Тем не менее он ухаживал за ним, старался обольстить своей ловкой кошачьей повадкой, всевозможными приманками, пытался поймать на них этого галла.

Но галл оказывался куда проницательнее его самого и не поддавался на обольщение. И когда по воскресеньям в столовой на Королевской площади заговаривали о политике, когда размягченный вкусной едой Нума старался уверить Ле Кенуа, что на самом деле им очень нетрудно понять друг друга, ибо они хотят, в сущности, одного и того же — свободы, надо было видеть, с каким возмущением старый юрист отбрасывал уже занесенную над ним сеть.

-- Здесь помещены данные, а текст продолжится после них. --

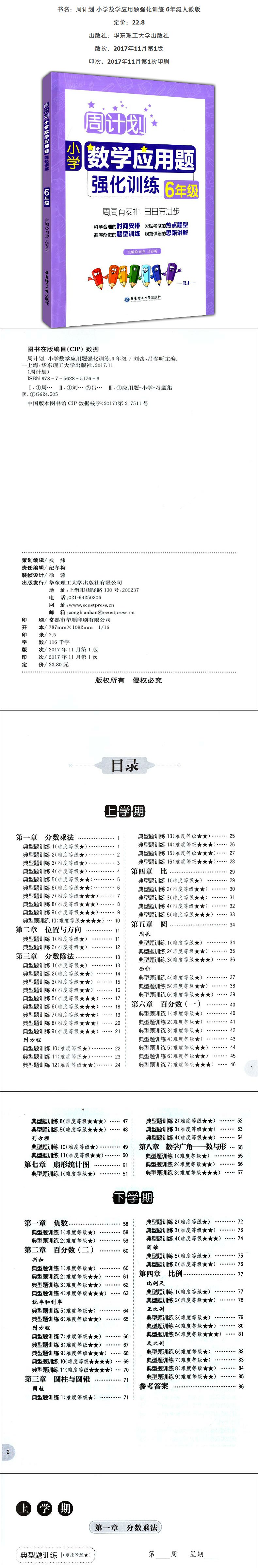 周计划小学数学应用题强化训练六年级大全同步天天练6年级上下册专项训练书阶梯思维训练练习册人教版通用华东理工大学出版社
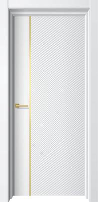 - дверь декорирована золотым вертикальным молдингом.
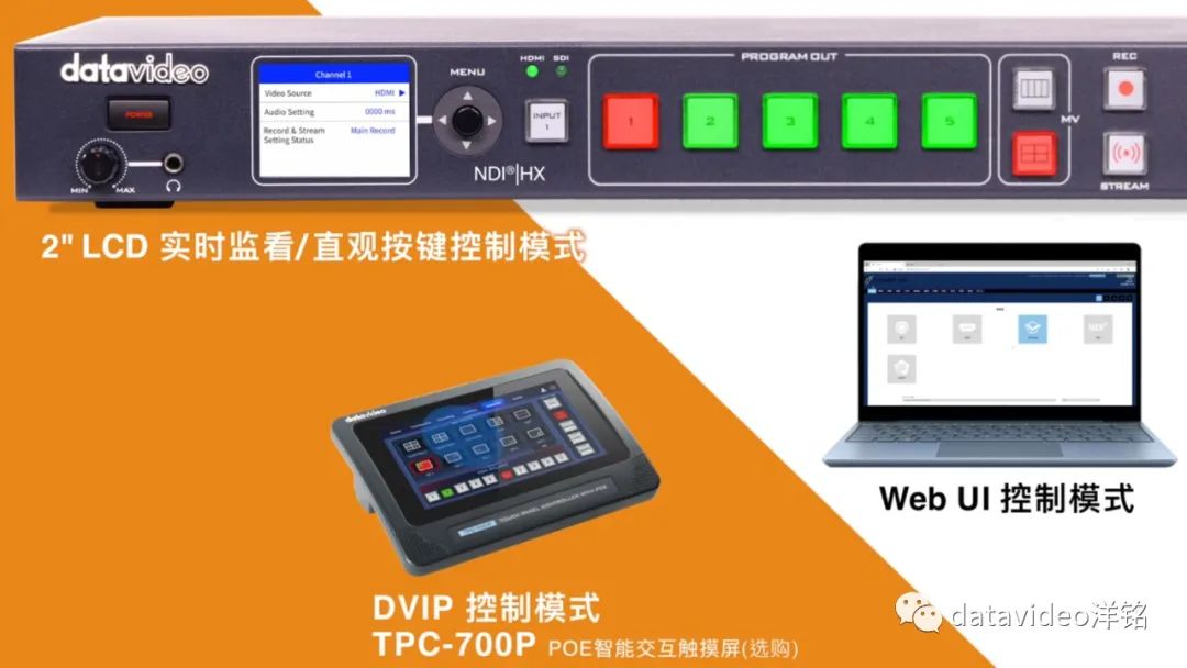 *Datavideo洋铭NDI系列均为专业PTZ摄像机,可以通过传统的RS-422接口,或通过DVIP(Datavideo专有控制协议)或Sony VISCA over IP轻松实现远程控制。
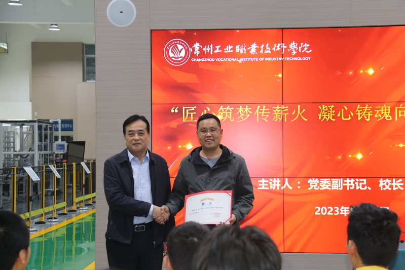 2005到2025,那是程刚深耕教坛20年的时间差;0.5mm到0.1mm,那是程刚丈量匠心的精度差。今年45岁的程刚身上有着很多“标签”——“全能型教师”“技能大师”“高级技师”“全国技术能手”“江苏省五一劳动奖章获得者”“江苏轻工工匠”……从教20年来,他由一名普通教师蜕变成数控技术专业带头人,带领青年团队在教科研一线攻坚克难,参与技术改造项目10多个,攻克重点技术难题3个。由他和团队共同研发的高精准便携式线束端子检测技术和智能型线束拉力检测技术,更是领跑华夏,达到了国内先进水平。
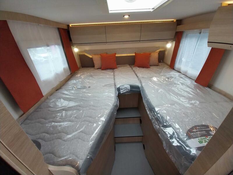 Dimensions couchages arrière : Lits jumeaux sur soute : 80 x 199 + 80 x 185cm

— О нет, нет, совсем не одного и того же!

Приведя несколько точных и жестких доводов, он сразу устанавливал правильную дистанцию, вскрывал словесную маскировку, ясно давая понять, что не пой мается на их тартюфовское лицемерие.

Адвокат отшучивался, скрывая досаду, которую испытывал главным образом из-за жены, — та, никогда не вмешиваясь в политические споры, все время смотрела и слушала. Поэтому, когда вечером они возвращались домой в карете, он изо всех сил старался доказать ей, что отцу ее недостает здравого смысла. Если бы не она, он бы уж нашел, что ему сказать! Чтобы не раздражать его, Розали избегала высказываться прямо.

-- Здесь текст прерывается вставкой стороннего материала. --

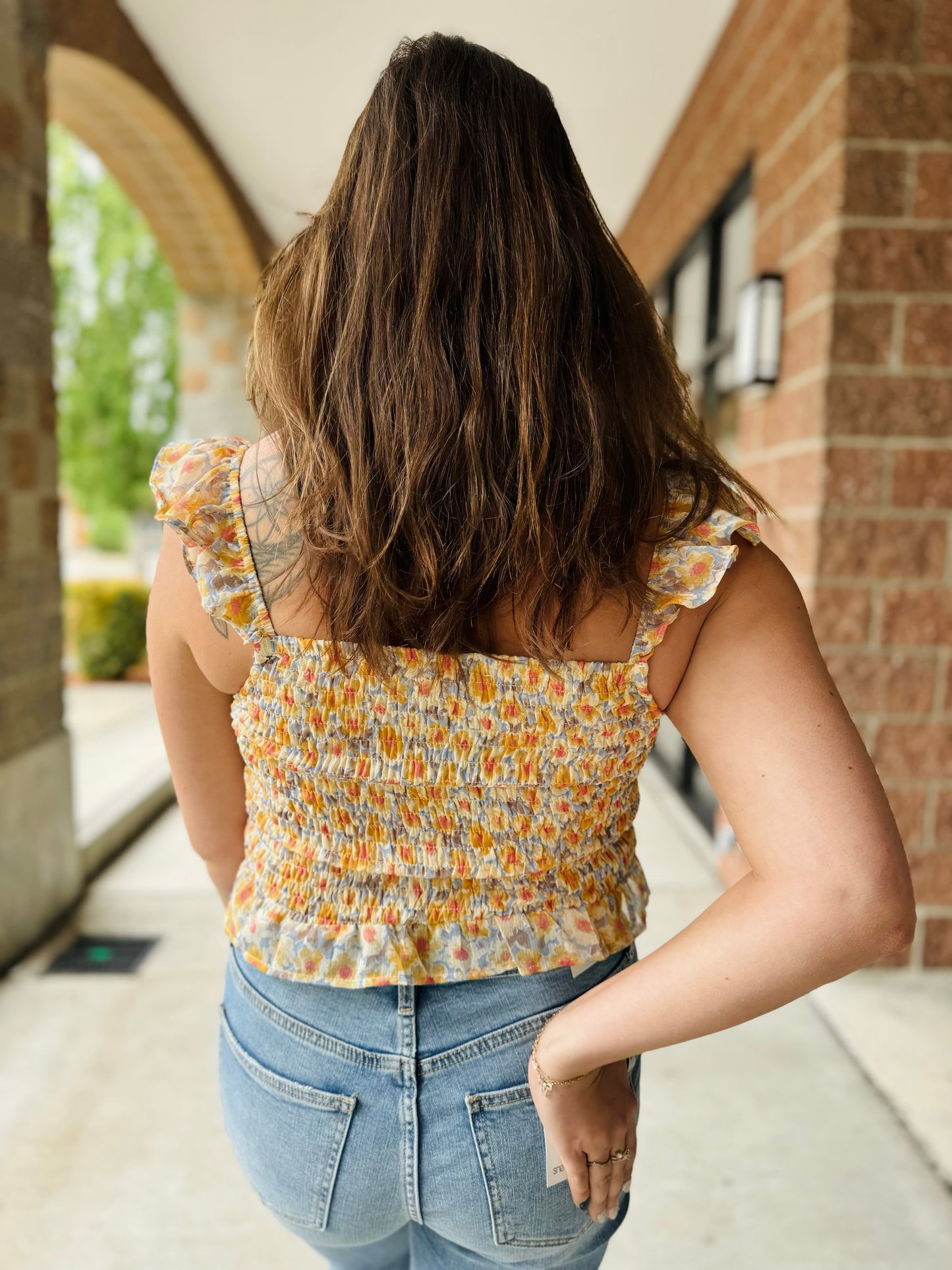 Regular price $12.00This beautiful floral-print top features a flattering sweetheart neckline and a ruched drawstring bodice for a fitted silhouette. With smocked details, ruffle shoulder straps, and a cropped length, this top will add a touch of femininity to any outfit.
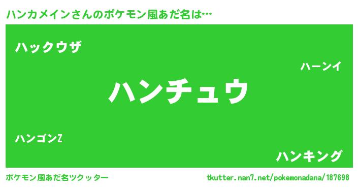 | 恥ずかしいあだ名 | 『プリティーハンカメイン』『ハンっちょ』 |
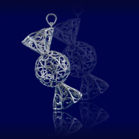 Серебряная елочная игрушка выполнена из металла высокой пробы с зеркальной полировкой. Изделие отличается изяществом и тонкостью узоров, выполненных в зимней тематике. Завитки фигурки декорированы миниатюрными вставками из нежно-голубой эмали и сверкающих кристаллов цветных камней, переливающих под неярким светом праздничной иллюминации.
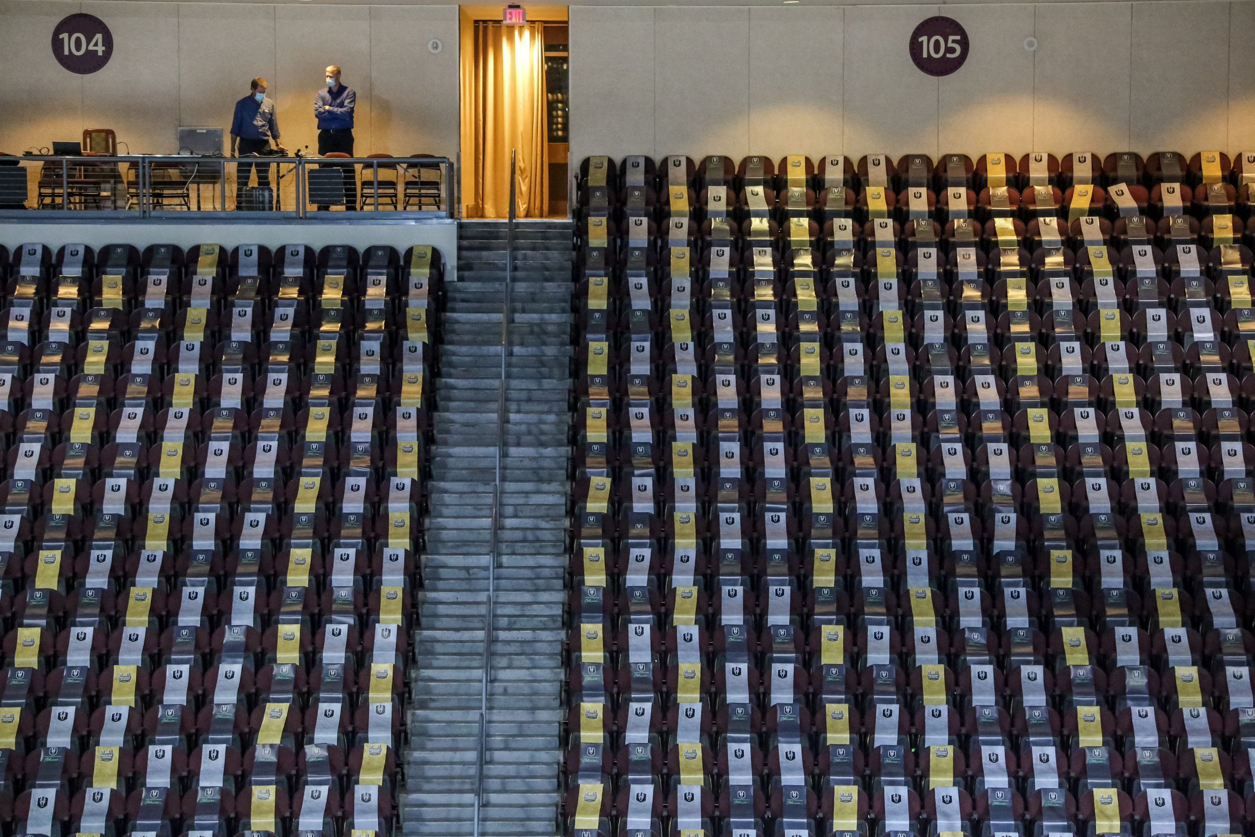 Silver and gold seat coverings adorned the seats at Orleans Arena for the inaugural regular season game. The Silver Knights train at Lifeguard Arena, a two-rink community ice center in downtown Henderson about seven miles from the $84 million Henderson Event Center. Lifeguard Arena resembles the VGK headquarters and training center at City National Arena in Downtown Summerlin.

— Да, жаль, что у вас такие разногласия…

Но в глубине души она была на стороне отца.

С тех пор, как Руместан стал министром, отношения между тестем и зятем охладели еще больше. Ле Кенуа отказывался бывать на приемах улицы Гренель и без обиняков объяснился по этому поводу с дочерью:

— Передай своему мужу: пусть он приходит ко мне как можно чаще, я буду очень рад, но в министерстве меня не увидят. Я знаю, что нам готовят все эти господа, и не хочу, чтобы меня можно было заподозрить хотя бы в сообщничестве.

Впрочем, в глазах света приличия были соблюдены благодаря старому трауру, который уже давно как бы замуровал стариков Ле Кенуа в их квартире. Министру народного просвещения было бы, вероятно, крайне стеснительно появление в его гостиных этого сильного противника в спорах, перед которым он чувствовал себя мальчишкой. Однако он сделал вид, что обижен решением тестя, устроил себе из этого позу — что всегда бывает весьма удобно для комедианта — и предлог лишь время от времени присутствовать на воскресных обедах. В оправдание он приводил важные поводы — заседания какой-нибудь комиссии, официальную встречу, обязательный банкет, — такие поводы обеспечивают мужьям, занимающимся политикой, полную свободу.

Розали, напротив, не пропускала ни одного воскресенья, приходила пораньше, счастливая тем, что может обрести в родительском доме семейный уют, которого ее лишала в доме мужа слишком открытая официальная жизнь. Г-жа Ле Кенуа обычно еще не возвращалась из церкви, Ортанс тоже отсутствовала: она сопровождала мать или была с друзьями на музыкальном утреннике. Розали могла быть уверена, что застанет отца в библиотеке — в этой длинной комнате с книжными полками по всем четырем стенам, сверху донизу: там он уединялся в обществе немых друзей, мудрых, безмолвных собеседников, единственных, кто не докучал ему в его неутихающем горе. Старый юрист не садился в кресло с книгои, он расхаживал вдоль полок, разглядывал какой-нибудь роскошный переплет и так, стоя, читал иногда целый час и даже не замечал этого, терял представление о времени, не ощущал усталости. Завидев старшую дочь, он слегка улыбался. Не будучи болтливыми, они обменивались двумя-тремя словами, а затем она тоже принималась перебирать книги любимых авторов, выбирала одну и перелистывала ее рядом с ним при уже скуповатом дневном свете у окна, выходившего на большой двор — один из типичных дворов квартала Маре, где в воскресной тишине, не нарушаемой торговым шумом, гулко раздавался колокольный звон соседней церкви. Иногда отец протягивал ей полуоткрытую книгу.

— Прочитай…

И отмечал ногтем нужное место. А когда она дочитывала, спрашивал:

— Правда, прекрасно?..

Для молодой женщины, которой жизнь предлагала весь свой блеск, всю свою роскошь, не было большей радости, чем часок, проведенный с пожилым, всегда печальным отцом, с которым, кроме дочернего обожания, ее связывала и глубокая духовная близость.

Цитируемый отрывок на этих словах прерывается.